As an aside, I will say that one of the great secrets of tech companies’ success is a liberal transfer policy. It has a dual impact: on the one hand, it enables the best engineers to choose what to work on, so they stay interested and motivated. On the other, it enables those same engineers to leave projects that are poorly run or aren’t destined for business or technical success. In the late 1990s I saw many capable engineers transfer to the DirectX team because they thought games on Windows were cool, and they wanted to work on that technology. I just happened to be an early convert.
But before we could effect the transfer, some bureaucratic trivia had to be dealt with.
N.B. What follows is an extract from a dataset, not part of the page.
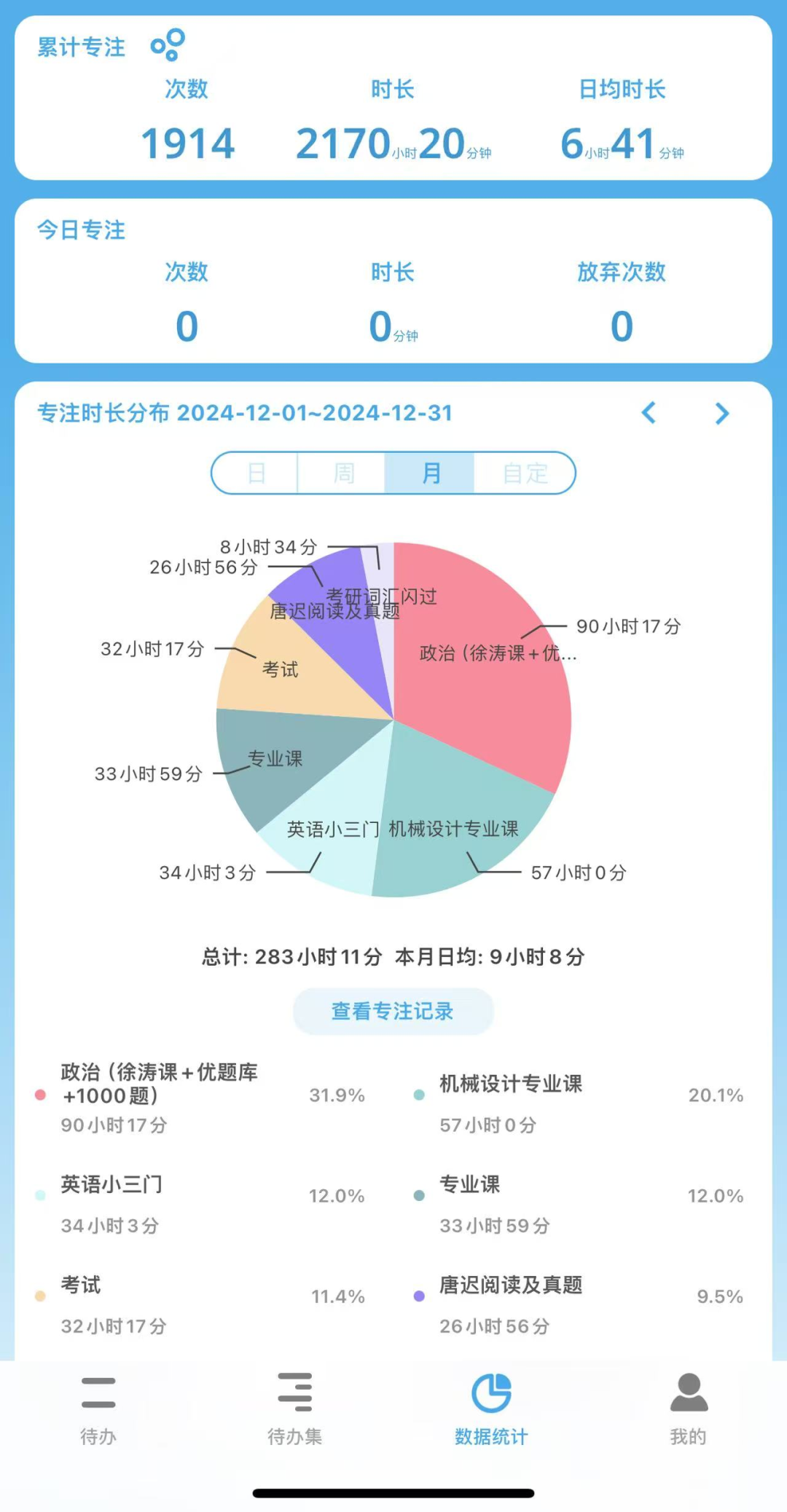 大一、大二时,叶蔚锴专心致志学好专业课,大三那年12月,他开始紧张有序的考研备考。他每天早起晚睡,利用番茄计时软件精准规划时间,确保能充分利用每分每秒。

When transferring within a company, the hiring team has to burn a req; and some transaction has to be done with the team who is “losing” an engineer. In my case, my boss’s boss’s executive assistant made it her special project to make the transfer as painful as possible for me. She ordered my computer removed from my office and told me the DirectX team would have to buy me a new one. I wanted to continue using it, because I’d already configured it to build the Direct3D drivers I was trying to build.
I found the IT guy who’d taken my computer on her orders.
“Do you still have it?”
“Yeah, it’s right here,” he pointed out my computer amidst the piles of equipment in his office.
“Give it back to me. I’ll carry it over to Building 27.”
“Clara3’s gonna be pissed.”
“Who cares? And why the fuck do I have to set up a new dev machine just because I transferred teams?” I wondered. “I’m not leaving the company.”
“Fuck it,” he said eventually, shaking his head. “Go ahead and take it.”
I later found out that a week before our conversation, he’d given his two-week notice. He was going to work as an IT specialist at Vulcan Northwest, Paul Allen’s company. The only reason I got to keep my computer across the organizational change was because the guy who’d been ordered to confiscate had had one foot out the door.
“Evangelist” was an actual job title at Microsoft, modeled after Apple Computer’s job title of the same name, for whom Steve Jobs was the chief evangelist as well as the CEO during his tenure at Apple. As one might expect, an evangelist’s job was to encourage adoption of new technology.
The meaning of X is obvious in this context, but less obvious is that the X in “DirectX” later became the X in Xbox.
The admin for the old organization (not her real name).